コラム

社員の化学日記 −第65話 「Drスランプ」−

社長からホームページの管理を任され,コラムの原稿についても「次はお前の番だ」「原稿はまだか」といつも偉そうに言っていたが, スランプに落ちてしまったようだ。

子供のころは感想文を書くことなどは大の苦手。文章を書くことより,いかに原稿用紙を穴埋めするかしか考えられなかった。

でも,大学,特に卒業研究以降から大学院まで研究生活を送っていた頃から,文章を書くこと自体苦手ではなくなった。

やがて,五十路(男の場合もこういうのか?)の足音が聞こえてくるようになった昨今,前にもまして文章を書くこと自体が楽しくも思えるようになった。

巷では家族に残す遺言として「エンディングノート」なるものがあるようだ。

こんなことまで意識したことはないが,本能として何かを書き残そうとしているのかもしれない。

それなのに何も浮かんでこない。考えれば考えるほど何も浮かばない。
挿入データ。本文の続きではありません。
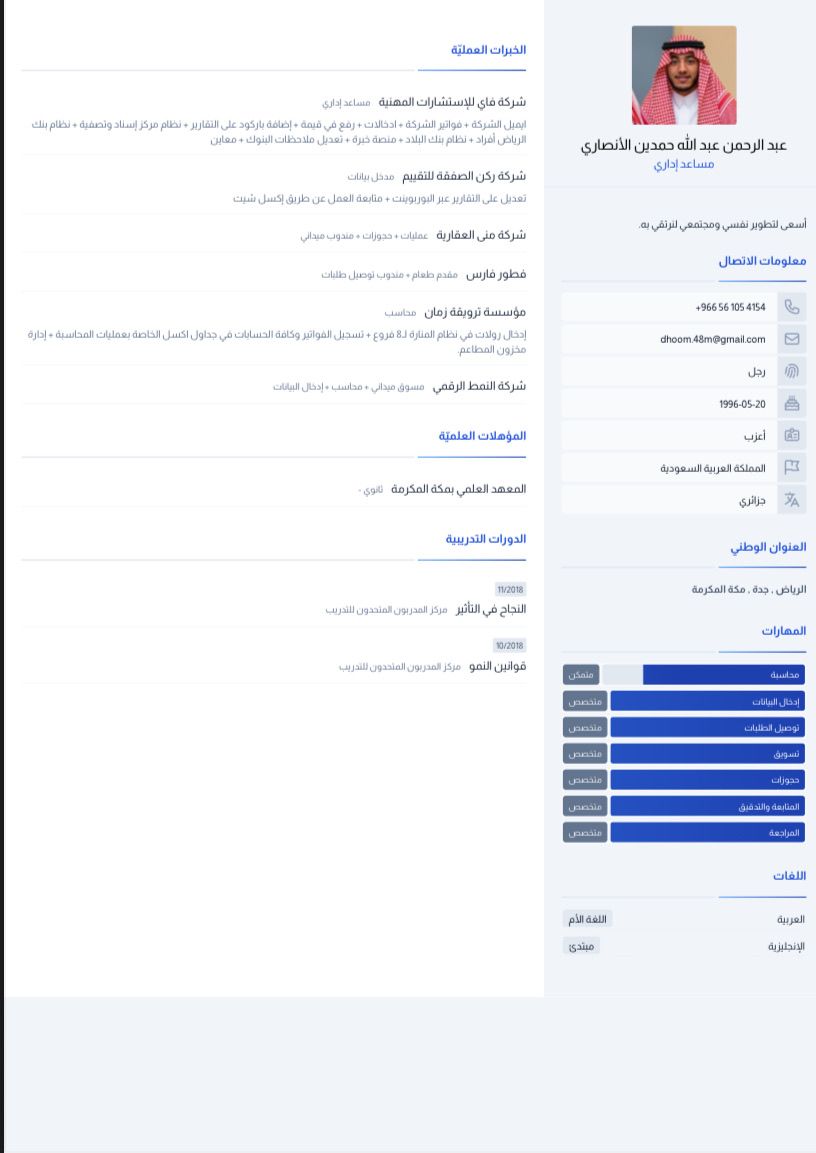 أتقدم اليكم بطلب الانضمام الى فريق عمل شركة كم الموقرة في حال وجد شاغر لديكم يتناسب مع ما لدي من خبرة ومهارات. مساعد اداري - مدخل بيانات - مدقق - مراجع

「無」である。

でも社長にまでエラそうに原稿を要求しているからには,自分だけ書かないわけにはいかない。ムムム・・・。

とりあえず,困ったときは時候の状況から・・・。

今年もあっという間にあと1ヶ月となった。まさに光陰矢の如し。

今年は10月まで夏のような日が続き,秋はほんのわずかに感じられただけですぐに冬になった。 そのためか,毎朝の通勤電車でもコートを羽織るなど冬服モードとなった人が急に増えた。

夏の満員電車では折角の冷房もあまり効かない。 そんな中,予期せず若い女性の隣に立ってしまい,押されるままに若い女性に密着しそうになって痴漢に間違われまいと身を翻すと,向いた方向におじさんの脂汗の浮いた頭皮がちょうど自分の鼻の高さに。

結果,女性に対する紳士的な態度をほめる自分と,それによって自分が置かれている現状をすこぶる後悔する自分が葛藤する・・・・・・おっと,いかん!

こんな下世話な内容では会社のホームページにはふさわしくないのでここで終わり!

と,化学らしい話題を思い出した。

寒くなってくると,光熱費がまたカサんでくる。そうすると我が家の”大蔵大臣”が眉間にシワを寄せながら家計簿を凝視している時間が増えてくる。

そういうときは,小生も娘もそっとその場を離れて近づかないようにしている。 なぜか?

”大蔵大臣”が掲げる経済政策「ヨメノミクス」は,当然,無駄な支出の削減であり,我々善良なる小市民への”補助金”がそのターゲットとなるからだ。

ある日,”大蔵大臣”が眉間にシワを寄せながら家計簿を見始めたので,警戒警報発令。 そそくさとその場を離れたが追いかけてきてこんなことを言い始めた。

「ウチのお風呂を沸かすのに必要なガスの量を計算できる?」

おや?いつもと違うぞ。こうなったらこちらの独壇場。実は我が家の”大蔵大臣”も理系出身ではあるが,所詮は「元」。 こちらは現役なので,主導権はこっちのもの。 中2生の娘も加わって計算大会が始まった。

  • 今時期の水道水の水温:10℃と仮定
  • 1回あたりの平均湯量:200Lと仮定(比重1として200kg)
  • 都市ガス1m3当たりの発生熱量:45MJ/m3(10,750kcal/m3,大阪ガスWebサイトより)
    •  ・・・「MJ」は「メガジュール」と読み,「M」は「1,000,000」を表す接頭詞。
         「J」は「cal(カロリー)」と同じくエネルギー(熱量)の単位で,「1cal=4.184J」である。

1gの水の温度を1℃あげるのに必要な熱量(エネルギー)は1calなので(これが「cal」という単位の定義),お風呂の温度は42℃に設定しているから,熱効率を80%ぐらいと仮定すると必要な熱量は

1cal×(42-10)℃×200,000÷80%=8,000,000cal(=8,000kcal)

よって,

 8,000(kcal)/10,750(kcal/m3)=0.744(m3

実際は追い炊きもするし,シャワーも使うので,入浴に使用するガス量はもっと多いはず。 そんなこんなで,とりあえず今回はこちらに矛先はまわってこず,ホッとひと安心。

本コラムの原稿も気が付けばこんな量になっていたので,ホッとしてこの辺でやめておこう。